Alexander Lomanov, chief research fellow at the Moscow-based Institute of Far Eastern Studies, provided this comment for Troika Report:
“Something similar happened back in the 1970s when superficially both the Soviet Union and China were treated as Communist regimes posing a threat to Western democracies. Then suddenly the American leadership deiced to form a joint front against the Soviet Union. It was decided that Chinese autocracy was much friendlier than the Soviet autocracy. The same trend can be traced today when the West is scared by the perspective of a growing and strengthening Sino-Russian alliance. The desire is to bring China into the Western fold and turn it into a counter-balance to Russia.”
“On the other hand, this comparison is superficial.

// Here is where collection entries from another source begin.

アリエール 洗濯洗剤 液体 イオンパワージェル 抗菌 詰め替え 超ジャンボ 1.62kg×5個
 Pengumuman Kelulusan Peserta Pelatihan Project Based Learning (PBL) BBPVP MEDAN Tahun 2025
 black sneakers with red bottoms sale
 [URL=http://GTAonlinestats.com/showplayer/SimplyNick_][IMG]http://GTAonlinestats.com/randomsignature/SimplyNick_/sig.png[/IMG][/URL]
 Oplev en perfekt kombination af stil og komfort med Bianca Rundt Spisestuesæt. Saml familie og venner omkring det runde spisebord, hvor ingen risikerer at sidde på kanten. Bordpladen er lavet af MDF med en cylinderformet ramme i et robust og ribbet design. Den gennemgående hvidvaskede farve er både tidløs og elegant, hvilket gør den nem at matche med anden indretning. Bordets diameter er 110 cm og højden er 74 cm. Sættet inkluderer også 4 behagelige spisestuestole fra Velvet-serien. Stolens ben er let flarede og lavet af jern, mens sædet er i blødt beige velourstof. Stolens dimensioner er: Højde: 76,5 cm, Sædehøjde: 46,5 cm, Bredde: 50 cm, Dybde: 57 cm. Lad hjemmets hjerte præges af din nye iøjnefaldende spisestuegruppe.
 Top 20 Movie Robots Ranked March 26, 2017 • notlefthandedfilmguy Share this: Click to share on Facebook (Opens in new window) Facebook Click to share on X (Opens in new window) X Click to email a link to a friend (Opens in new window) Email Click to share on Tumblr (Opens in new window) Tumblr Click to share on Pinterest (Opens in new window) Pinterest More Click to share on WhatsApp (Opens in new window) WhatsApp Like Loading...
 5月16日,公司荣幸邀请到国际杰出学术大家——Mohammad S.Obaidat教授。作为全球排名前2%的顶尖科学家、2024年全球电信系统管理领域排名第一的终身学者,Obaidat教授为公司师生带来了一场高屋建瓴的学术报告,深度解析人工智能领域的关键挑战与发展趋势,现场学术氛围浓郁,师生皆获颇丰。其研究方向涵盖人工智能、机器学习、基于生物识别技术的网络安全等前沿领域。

In the 1970s China was destitute and poor; now it is one of the biggest and richest economies in the world.”
“So, we have Russia with less than $2 trillion of annual GDP, and we have China with its GDP approaching $10 trillion. China is already an important lynchpin of international trade and global economy. It may sound cynical, but it looks like that if your GDP is less than $2 trillion you can be shunned and neglected, but if your GDP is close to $10 trillion there is no way you can be subject to isolation.”
— Do you mean to say that the high-profile flirting with President Xi in the UK was not only about landing lucrative contracts but also about trying to disengage China from Russia?
“Both motives are there. What’s more, I don’t believe in the 100 percent independence of the British foreign policy, because it is too much dependent on the United States.”
“It is evident that the West is unhappy with China’s economic and political independence. China did not support Western sanctions against Russia. There is and there will be a growing temptation to promise China better financial terms and conditions, to promise cooperation, more trade and investment, in exchange for changes in China-Russia relations. Maybe the West would be eager to play the same game from the 1970s. Who knows?”
— If this is the case of a smart conspiracy, as you imply, does it really pose a threat to the privileged relations enjoyed by Russia vis-a-vis China?
“There is absolutely no immediate threat. However, it is remarkable that right now in China a debate is going on the benefits of the TPP, the Trans-Pacific Partnership, which was originally rejected. Voices are being heard saying that the TPP is not very different from the World Trade Organization (WTO). China used to be reluctant to join the WTO, but now it is a strong actor within this organization. Now some are saying that China should join the TPP. It will not happen in a year or two, but if it happens, in a decade or so, it will make Russia too weak to play in the same league.”
Yet it is not entirely clear what London’s motives are. It could be just mere coincidence that UK and Europe on the whole have started courting Beijing in a more assertive manner since the gradual rapprochement between Russia and China.
The process has accelerated since the interaction between Moscow and Beijing acquired new dimensions by addressing the issues of reshaping global finances, linking economic expansion roadmaps in Eurasia, and the sharing of military intelligence and plans for joint production in hi-tech areas.
If this line of logic is observed, then the UK’s soft handling of China is largely limited to the goal of obtaining financial and commercial preferences, and capitalizing on the slightly diminished yet still strong growth of the world’s second-largest economy.
Nevertheless, it is hardly conceivable that economy is completely detached from geopolitics. This makes it all too likely that when Cameron’s government “goes eastward,” it is following the same pattern of behavior as the U.S. did back in the times of “ping pong diplomacy” aimed at pitting China against Russia. But maybe this is just another oversimplified conspiracy theory?